Tian Xu, Li Haoyang, Li Feili, Jiménez-Herrera María F, Ren Yi, Shang Hongcai
Division of Science & Technology and Foreign Affairs, Chongqing Traditional Chinese Medicine Hospital, Chongqing, 400020, China.
School of Data Science, The Chinese University of Hong Kong, Shenzhen, 518172, China.
Support Care Cancer. 2024 Dec 30;33(1):63. doi: 10.1007/s00520-024-09127-5.

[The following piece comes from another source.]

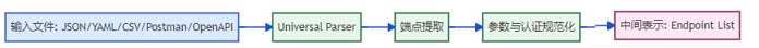 2. 解析阶段:使用多格式解析器提取端点、参数、认证方式与示例响应。

Early and accurate identification of the risk of psychological distress allows for timely intervention and improved prognosis. Current methods for predicting psychological distress among lung cancer patients using readily available data are limited. This study aimed to develop a robust machine learning (ML) model for determining the risk of psychological distress among lung cancer patients.
A cross-sectional study was designed to collect data from 342 lung cancer patients. Least Absolute Shrinkage and Selection Operator (LASSO) was used for feature selection. Model training and validation were conducted with bootstrap resampling method. Fivefold cross-validation evaluated and optimized the model with parameter tuning. Feature importance was assessed using SHapley additive exPlanations (SHAP) method.
The model identified seven independent risk factors of psychological distress: residence (β = 0.141), diagnosis duration (β = 0.055), TNM stage (β = 0.098), pain severity (β = 0.067), perceived stigma (β = 0.052), illness perception (β = 0.100), and coping style (β = 0.097). Among the eight ML algorithms evaluated, the extreme gradient boosting (XGBoost) algorithm demonstrated the highest performance with AUROC values of 0.988, 0.945, and 0.922 for the training, validation, and test sets, respectively. The model's results were further explained using SHAP, which revealed the importance and contribution of each risk factor to the overall distress risk. A web-based tool was developed based on this model to facilitate clinical use.
The XGBoost classifier demonstrated exceptional performance, and clinical implementation of the web-based risk calculator can serve as an easy-to-use tool for health practitioners to formulate early prevention and intervention strategies.
早期准确识别心理困扰风险有助于及时干预并改善预后。目前利用现成数据预测肺癌患者心理困扰的方法有限。本研究旨在开发一种强大的机器学习(ML)模型,以确定肺癌患者心理困扰的风险。
设计一项横断面研究,收集342例肺癌患者的数据。采用最小绝对收缩和选择算子(LASSO)进行特征选择。使用自助重采样方法进行模型训练和验证。通过五折交叉验证对模型进行评估并通过参数调整进行优化。使用夏普利值附加解释(SHAP)方法评估特征重要性。
该模型确定了心理困扰的七个独立风险因素:居住地(β = 0.141)、诊断时长(β = 0.055)、TNM分期(β = 0.098)、疼痛严重程度(β = 0.067)、感知耻辱感(β = 0.052)、疾病认知(β = 0.100)和应对方式(β = 0.097)。在评估的八种ML算法中,极端梯度提升(XGBoost)算法表现最佳,训练集、验证集和测试集的曲线下面积(AUROC)值分别为0.988、0.945和0.922。使用SHAP进一步解释了模型结果,揭示了每个风险因素对总体困扰风险的重要性和贡献。基于该模型开发了一个网络工具,以方便临床使用。
XGBoost分类器表现卓越,基于网络的风险计算器的临床应用可为医护人员制定早期预防和干预策略提供一个易于使用的工具。